Extracted records:

=== Begin Enclosure ===

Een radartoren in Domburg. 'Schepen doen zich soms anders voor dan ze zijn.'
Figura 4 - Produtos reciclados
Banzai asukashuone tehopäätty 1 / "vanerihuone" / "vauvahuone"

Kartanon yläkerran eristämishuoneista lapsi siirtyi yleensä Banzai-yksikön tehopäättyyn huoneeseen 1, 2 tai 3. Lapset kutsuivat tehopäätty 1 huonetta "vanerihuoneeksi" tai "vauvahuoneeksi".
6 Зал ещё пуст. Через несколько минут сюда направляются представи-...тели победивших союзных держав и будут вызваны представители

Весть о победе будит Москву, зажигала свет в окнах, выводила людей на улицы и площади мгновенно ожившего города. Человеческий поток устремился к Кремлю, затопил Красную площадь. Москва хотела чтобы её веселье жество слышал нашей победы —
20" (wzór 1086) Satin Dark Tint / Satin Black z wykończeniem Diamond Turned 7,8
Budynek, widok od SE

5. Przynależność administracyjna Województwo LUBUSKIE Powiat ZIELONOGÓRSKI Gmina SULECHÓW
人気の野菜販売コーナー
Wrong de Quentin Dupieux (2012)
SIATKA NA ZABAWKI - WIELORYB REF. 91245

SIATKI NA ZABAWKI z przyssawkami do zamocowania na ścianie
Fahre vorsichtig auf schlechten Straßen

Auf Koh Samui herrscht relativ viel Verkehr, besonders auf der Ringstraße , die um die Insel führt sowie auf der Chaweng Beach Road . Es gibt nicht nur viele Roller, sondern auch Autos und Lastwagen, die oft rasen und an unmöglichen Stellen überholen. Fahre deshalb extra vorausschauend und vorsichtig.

=== End Enclosure ===
=== Begin Enclosure ===

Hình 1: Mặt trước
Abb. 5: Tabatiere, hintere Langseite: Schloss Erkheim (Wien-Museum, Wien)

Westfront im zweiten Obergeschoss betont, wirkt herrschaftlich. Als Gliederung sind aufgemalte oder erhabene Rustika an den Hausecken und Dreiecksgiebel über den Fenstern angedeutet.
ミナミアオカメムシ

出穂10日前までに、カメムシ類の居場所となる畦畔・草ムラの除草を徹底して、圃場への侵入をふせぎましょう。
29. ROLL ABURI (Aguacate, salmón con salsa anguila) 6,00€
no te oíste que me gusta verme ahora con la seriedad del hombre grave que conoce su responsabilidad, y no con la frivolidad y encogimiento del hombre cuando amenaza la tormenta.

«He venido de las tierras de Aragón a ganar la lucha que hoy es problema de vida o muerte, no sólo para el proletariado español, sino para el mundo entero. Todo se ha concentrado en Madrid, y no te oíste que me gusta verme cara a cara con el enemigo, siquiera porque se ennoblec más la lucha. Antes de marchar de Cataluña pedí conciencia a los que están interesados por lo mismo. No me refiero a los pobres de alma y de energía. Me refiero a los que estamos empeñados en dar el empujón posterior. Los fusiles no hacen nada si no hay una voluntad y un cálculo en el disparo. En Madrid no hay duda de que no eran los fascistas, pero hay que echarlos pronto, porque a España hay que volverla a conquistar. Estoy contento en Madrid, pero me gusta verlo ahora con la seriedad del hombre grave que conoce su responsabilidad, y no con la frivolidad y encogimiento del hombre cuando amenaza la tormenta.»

=== End Enclosure ===
=== Begin Enclosure ===

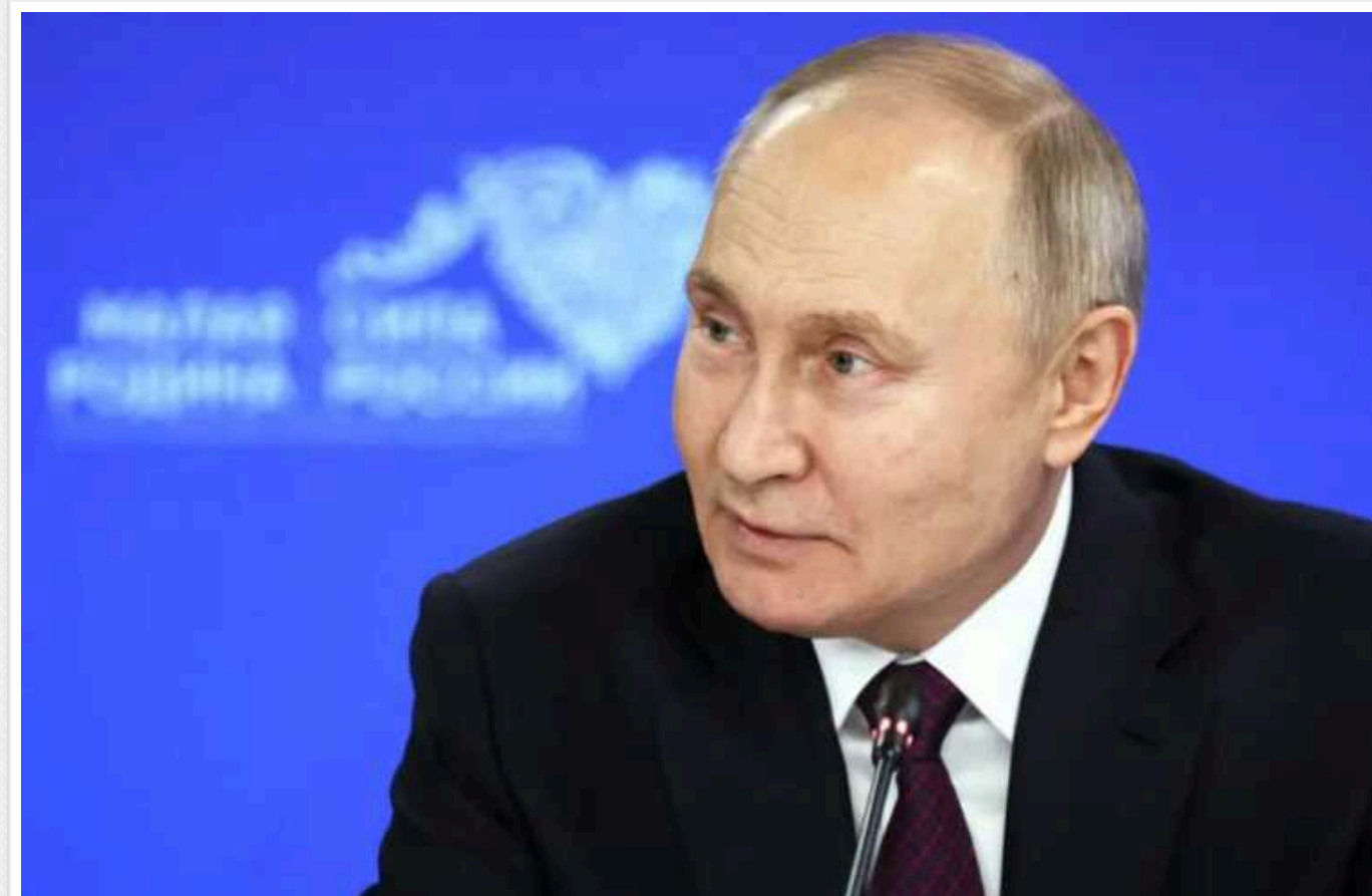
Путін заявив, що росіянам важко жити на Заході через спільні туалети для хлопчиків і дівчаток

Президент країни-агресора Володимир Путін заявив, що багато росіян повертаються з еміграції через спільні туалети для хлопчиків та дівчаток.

=== End Enclosure ===

Exercise goal: Quote the data above from the line containing "Diamond Turned 7,8" to the line containing "Auf Koh Samui", inclusive, and stop.

Result:
20" (wzór 1086) Satin Dark Tint / Satin Black z wykończeniem Diamond Turned 7,8
Budynek, widok od SE

5. Przynależność administracyjna Województwo LUBUSKIE Powiat ZIELONOGÓRSKI Gmina SULECHÓW
人気の野菜販売コーナー
Wrong de Quentin Dupieux (2012)
SIATKA NA ZABAWKI - WIELORYB REF. 91245

SIATKI NA ZABAWKI z przyssawkami do zamocowania na ścianie
Fahre vorsichtig auf schlechten Straßen

Auf Koh Samui herrscht relativ viel Verkehr, besonders auf der Ringstraße , die um die Insel führt sowie auf der Chaweng Beach Road . Es gibt nicht nur viele Roller, sondern auch Autos und Lastwagen, die oft rasen und an unmöglichen Stellen überholen. Fahre deshalb extra vorausschauend und vorsichtig.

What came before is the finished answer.